--- Information shown Enclosed Below ---
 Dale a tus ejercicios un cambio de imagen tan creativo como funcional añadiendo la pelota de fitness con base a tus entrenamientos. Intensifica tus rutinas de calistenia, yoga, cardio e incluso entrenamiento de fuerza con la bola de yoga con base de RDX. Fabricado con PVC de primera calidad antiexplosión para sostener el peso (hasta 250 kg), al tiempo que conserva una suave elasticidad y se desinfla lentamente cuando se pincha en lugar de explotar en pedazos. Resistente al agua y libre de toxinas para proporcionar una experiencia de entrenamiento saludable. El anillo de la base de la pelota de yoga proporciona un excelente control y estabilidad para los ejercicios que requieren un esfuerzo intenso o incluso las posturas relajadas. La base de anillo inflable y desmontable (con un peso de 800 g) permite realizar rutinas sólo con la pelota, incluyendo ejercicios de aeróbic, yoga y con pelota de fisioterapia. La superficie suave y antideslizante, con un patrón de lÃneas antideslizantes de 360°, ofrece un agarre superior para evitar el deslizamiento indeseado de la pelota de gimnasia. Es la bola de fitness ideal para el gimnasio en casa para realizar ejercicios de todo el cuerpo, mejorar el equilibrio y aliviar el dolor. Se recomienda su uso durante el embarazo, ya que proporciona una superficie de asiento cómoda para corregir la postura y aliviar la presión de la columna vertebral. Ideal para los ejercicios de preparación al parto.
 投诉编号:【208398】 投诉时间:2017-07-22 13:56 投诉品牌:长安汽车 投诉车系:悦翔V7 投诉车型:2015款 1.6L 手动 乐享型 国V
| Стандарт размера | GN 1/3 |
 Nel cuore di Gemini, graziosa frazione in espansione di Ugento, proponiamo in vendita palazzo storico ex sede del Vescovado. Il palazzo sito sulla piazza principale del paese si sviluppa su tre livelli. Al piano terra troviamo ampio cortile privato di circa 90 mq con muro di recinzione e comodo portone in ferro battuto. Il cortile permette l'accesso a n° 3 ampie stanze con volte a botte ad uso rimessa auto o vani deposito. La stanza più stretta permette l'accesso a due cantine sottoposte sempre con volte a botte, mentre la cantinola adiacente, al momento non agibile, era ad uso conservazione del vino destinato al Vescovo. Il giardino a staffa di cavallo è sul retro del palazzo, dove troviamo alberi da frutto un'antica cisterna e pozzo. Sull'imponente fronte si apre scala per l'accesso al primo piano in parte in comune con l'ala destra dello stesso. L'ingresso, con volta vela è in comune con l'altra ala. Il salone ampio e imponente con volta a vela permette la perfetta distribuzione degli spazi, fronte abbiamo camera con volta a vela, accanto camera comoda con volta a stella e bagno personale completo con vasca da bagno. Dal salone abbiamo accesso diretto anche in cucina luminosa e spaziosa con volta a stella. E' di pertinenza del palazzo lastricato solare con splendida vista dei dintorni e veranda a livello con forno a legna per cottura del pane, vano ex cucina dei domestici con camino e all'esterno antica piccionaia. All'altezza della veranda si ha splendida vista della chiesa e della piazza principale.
--- End of Enclosed Information shown ---
--- Information shown Enclosed Below ---
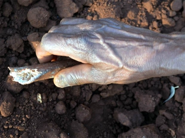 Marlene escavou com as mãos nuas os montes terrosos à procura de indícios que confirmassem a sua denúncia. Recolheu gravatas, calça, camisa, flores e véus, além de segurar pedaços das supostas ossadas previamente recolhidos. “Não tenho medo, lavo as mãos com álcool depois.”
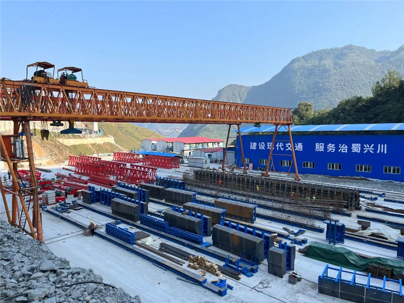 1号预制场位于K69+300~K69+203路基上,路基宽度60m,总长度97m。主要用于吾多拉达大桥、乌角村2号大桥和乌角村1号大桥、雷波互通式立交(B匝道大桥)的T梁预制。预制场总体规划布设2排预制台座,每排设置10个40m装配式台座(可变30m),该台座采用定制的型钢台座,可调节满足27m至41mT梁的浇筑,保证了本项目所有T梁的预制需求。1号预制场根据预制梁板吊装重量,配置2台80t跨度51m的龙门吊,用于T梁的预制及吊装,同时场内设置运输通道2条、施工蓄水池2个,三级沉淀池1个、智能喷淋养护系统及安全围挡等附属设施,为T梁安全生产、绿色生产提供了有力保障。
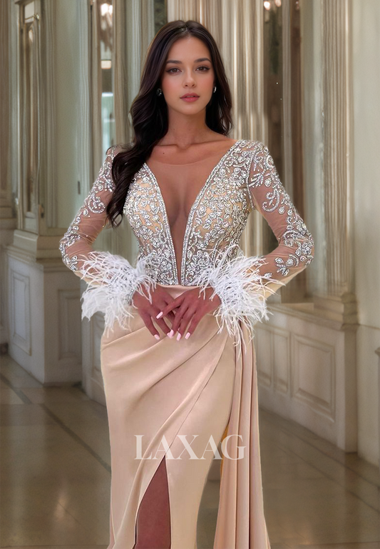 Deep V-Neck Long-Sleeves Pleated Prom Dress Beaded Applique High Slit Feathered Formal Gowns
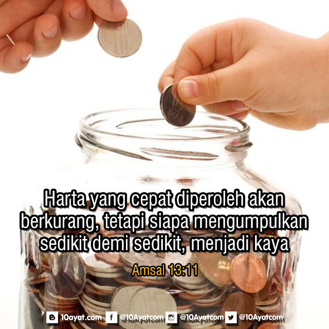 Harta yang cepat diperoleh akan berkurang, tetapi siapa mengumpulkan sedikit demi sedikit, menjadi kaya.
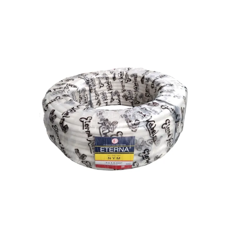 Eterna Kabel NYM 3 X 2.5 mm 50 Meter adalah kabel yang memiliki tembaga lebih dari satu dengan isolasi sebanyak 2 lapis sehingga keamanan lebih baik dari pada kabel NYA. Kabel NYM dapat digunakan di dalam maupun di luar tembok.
--- End of Enclosed Information shown ---
To do: Copy out the listing above from the line containing "Deep V-Neck Long-Sleeves" to the line containing "Eterna Kabel NYM", both included, exactly as written and minus the images.

Output for this task:
 Deep V-Neck Long-Sleeves Pleated Prom Dress Beaded Applique High Slit Feathered Formal Gowns
 Harta yang cepat diperoleh akan berkurang, tetapi siapa mengumpulkan sedikit demi sedikit, menjadi kaya.
 Eterna Kabel NYM 3 X 2.5 mm 50 Meter adalah kabel yang memiliki tembaga lebih dari satu dengan isolasi sebanyak 2 lapis sehingga keamanan lebih baik dari pada kabel NYA. Kabel NYM dapat digunakan di dalam maupun di luar tembok.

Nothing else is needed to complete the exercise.